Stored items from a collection
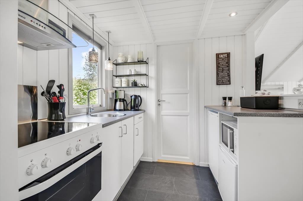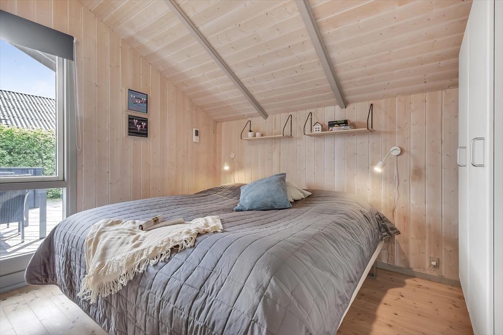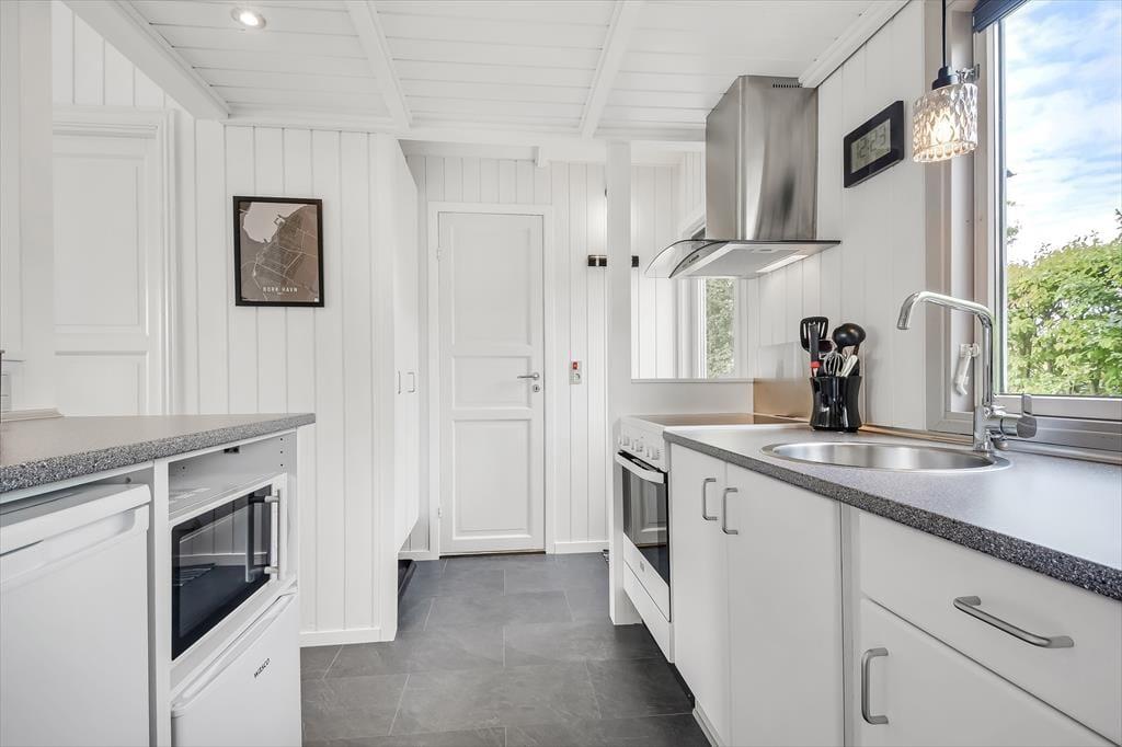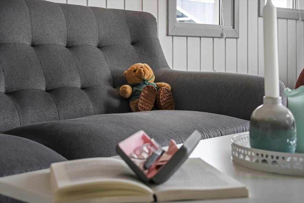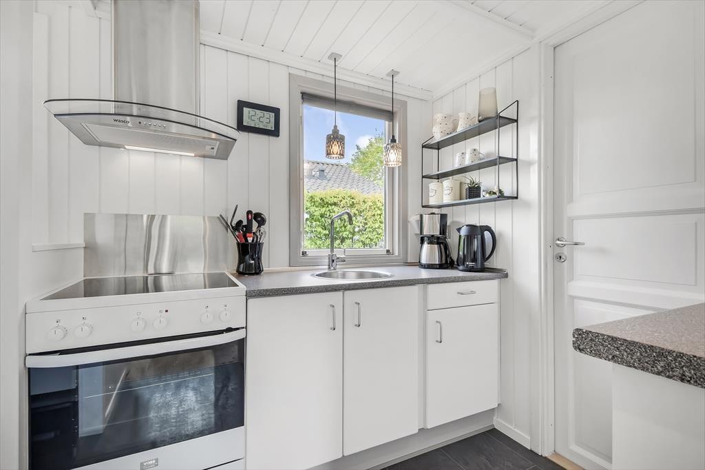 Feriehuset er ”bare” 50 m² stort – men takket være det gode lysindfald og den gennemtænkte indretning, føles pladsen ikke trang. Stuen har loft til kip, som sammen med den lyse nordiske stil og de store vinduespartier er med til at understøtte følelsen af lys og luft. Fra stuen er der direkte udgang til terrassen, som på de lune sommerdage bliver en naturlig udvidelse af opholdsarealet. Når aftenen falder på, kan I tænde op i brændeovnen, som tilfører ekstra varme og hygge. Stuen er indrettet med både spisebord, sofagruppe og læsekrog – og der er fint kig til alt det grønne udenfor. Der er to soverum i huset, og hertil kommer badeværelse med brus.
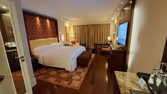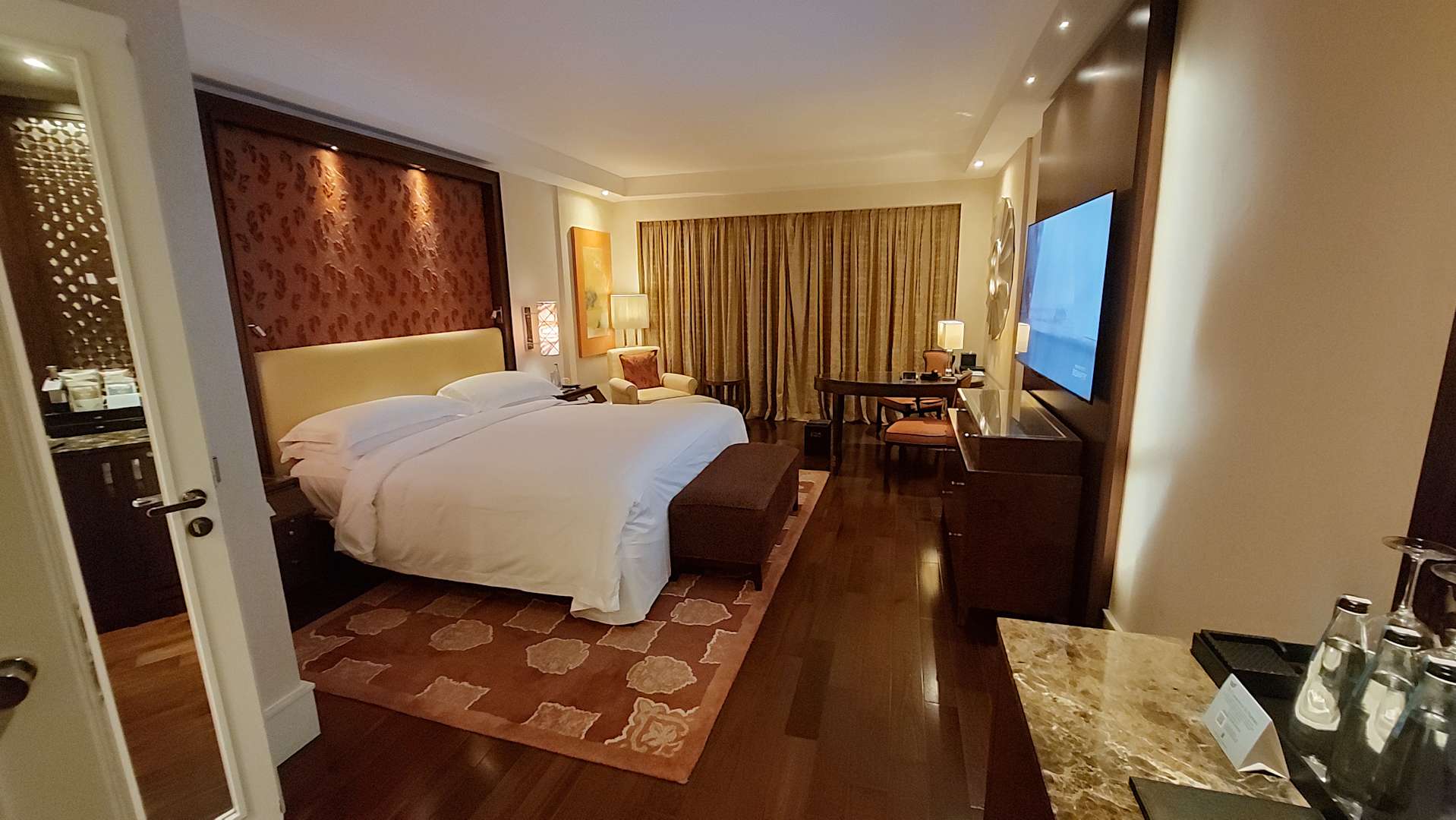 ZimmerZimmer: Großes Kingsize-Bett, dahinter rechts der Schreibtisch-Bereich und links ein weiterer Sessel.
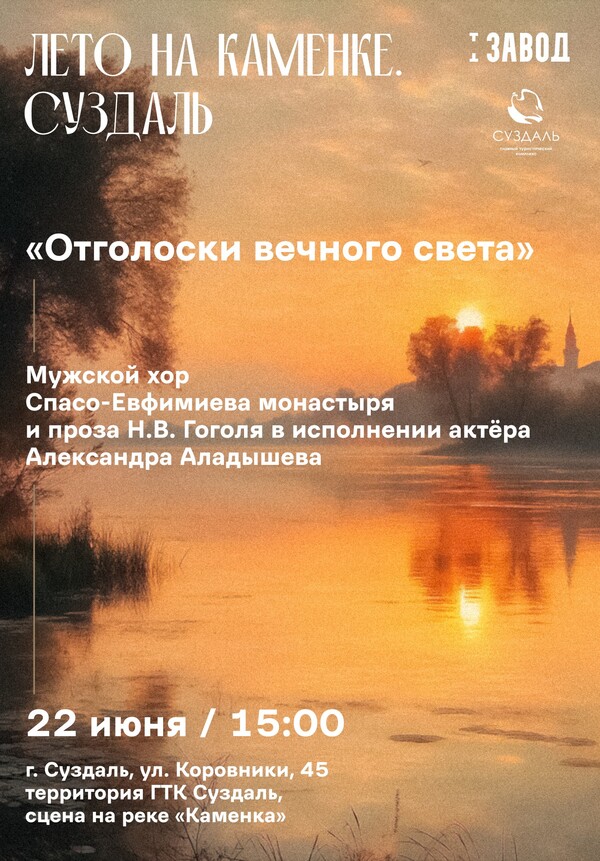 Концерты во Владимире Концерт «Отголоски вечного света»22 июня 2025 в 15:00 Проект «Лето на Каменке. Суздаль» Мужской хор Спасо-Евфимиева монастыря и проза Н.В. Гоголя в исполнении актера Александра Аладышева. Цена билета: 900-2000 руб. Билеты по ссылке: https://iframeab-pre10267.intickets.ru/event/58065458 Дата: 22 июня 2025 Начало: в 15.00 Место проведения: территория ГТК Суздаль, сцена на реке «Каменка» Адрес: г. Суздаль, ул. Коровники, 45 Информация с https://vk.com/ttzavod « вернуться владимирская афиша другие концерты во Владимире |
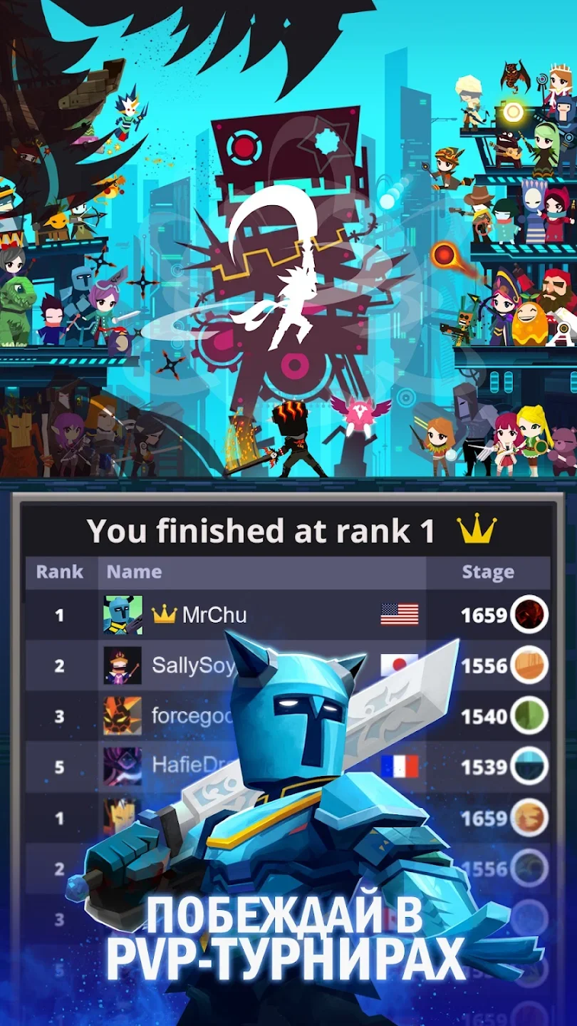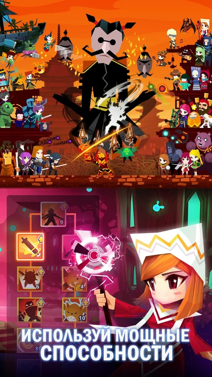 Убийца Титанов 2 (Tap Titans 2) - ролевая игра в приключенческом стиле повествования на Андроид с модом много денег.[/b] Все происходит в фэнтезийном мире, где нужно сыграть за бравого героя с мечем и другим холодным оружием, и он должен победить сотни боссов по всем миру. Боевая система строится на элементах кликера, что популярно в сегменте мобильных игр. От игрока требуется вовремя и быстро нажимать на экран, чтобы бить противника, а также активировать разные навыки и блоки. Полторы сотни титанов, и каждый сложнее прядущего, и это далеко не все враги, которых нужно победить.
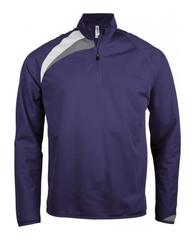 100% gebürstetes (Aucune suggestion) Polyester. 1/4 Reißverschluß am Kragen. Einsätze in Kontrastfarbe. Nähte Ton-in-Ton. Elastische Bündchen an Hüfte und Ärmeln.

[WHAT YOU HAVE TO DO]: Output exactly and only the lines from the line containing "Убийца Титанов 2" to the end of the entries, both included, and omit every picture.

[EXERCISE OUTPUT]:
 Убийца Титанов 2 (Tap Titans 2) - ролевая игра в приключенческом стиле повествования на Андроид с модом много денег.[/b] Все происходит в фэнтезийном мире, где нужно сыграть за бравого героя с мечем и другим холодным оружием, и он должен победить сотни боссов по всем миру. Боевая система строится на элементах кликера, что популярно в сегменте мобильных игр. От игрока требуется вовремя и быстро нажимать на экран, чтобы бить противника, а также активировать разные навыки и блоки. Полторы сотни титанов, и каждый сложнее прядущего, и это далеко не все враги, которых нужно победить.
 100% gebürstetes (Aucune suggestion) Polyester. 1/4 Reißverschluß am Kragen. Einsätze in Kontrastfarbe. Nähte Ton-in-Ton. Elastische Bündchen an Hüfte und Ärmeln.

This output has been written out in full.